**Dataset content**
..............................
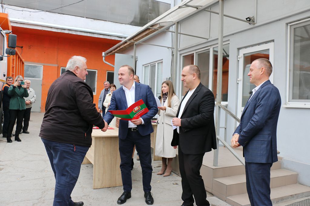 Накануне своего профессионального праздника – Дня автомобилиста – предприятие чествовало своих лучших работников. Разделить радостное событие пришли глава госадминистрации Рыбницкого района и г. Рыбницы Виктор Тягай, председатель Совета народных депутатов района и города Вадим Лозовский, начальник Госслужбы транспорта и надзора Министерства экономического развития Артем Федоренко, председатель Рыбницкого территориального объединения профсоюзов Анатолий Дыньговский.
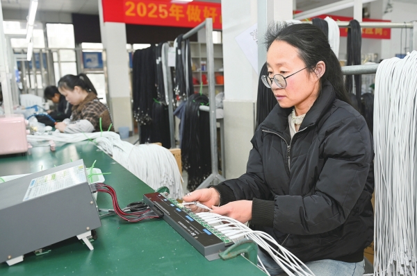 3月13日,洞口县高沙镇高沙村金宏源电子有限公司,员工在生产电子产品。近年来,该县通过村企联建等方式,引进民营经济进乡村办厂,方便农村剩余劳动力就近就业,助力当地经济发展。
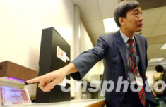 香港商業(yè)罪案調(diào)查科專家余社長(zhǎng),7月18日向新聞界講述偽鈔辨別方法。香港警方7月17日搗破了一個(gè)制造偽鈔的工場(chǎng),檢獲一批面值一百元的偽鈔和制造工具。中新社記者:洪少葵
..............................
**Exercise prompt**
Write out every line of the listing exactly as written, and leave the pictures out.

**Worked solution**
 Накануне своего профессионального праздника – Дня автомобилиста – предприятие чествовало своих лучших работников. Разделить радостное событие пришли глава госадминистрации Рыбницкого района и г. Рыбницы Виктор Тягай, председатель Совета народных депутатов района и города Вадим Лозовский, начальник Госслужбы транспорта и надзора Министерства экономического развития Артем Федоренко, председатель Рыбницкого территориального объединения профсоюзов Анатолий Дыньговский.
 3月13日,洞口县高沙镇高沙村金宏源电子有限公司,员工在生产电子产品。近年来,该县通过村企联建等方式,引进民营经济进乡村办厂,方便农村剩余劳动力就近就业,助力当地经济发展。
 香港商業(yè)罪案調(diào)查科專家余社長(zhǎng),7月18日向新聞界講述偽鈔辨別方法。香港警方7月17日搗破了一個(gè)制造偽鈔的工場(chǎng),檢獲一批面值一百元的偽鈔和制造工具。中新社記者:洪少葵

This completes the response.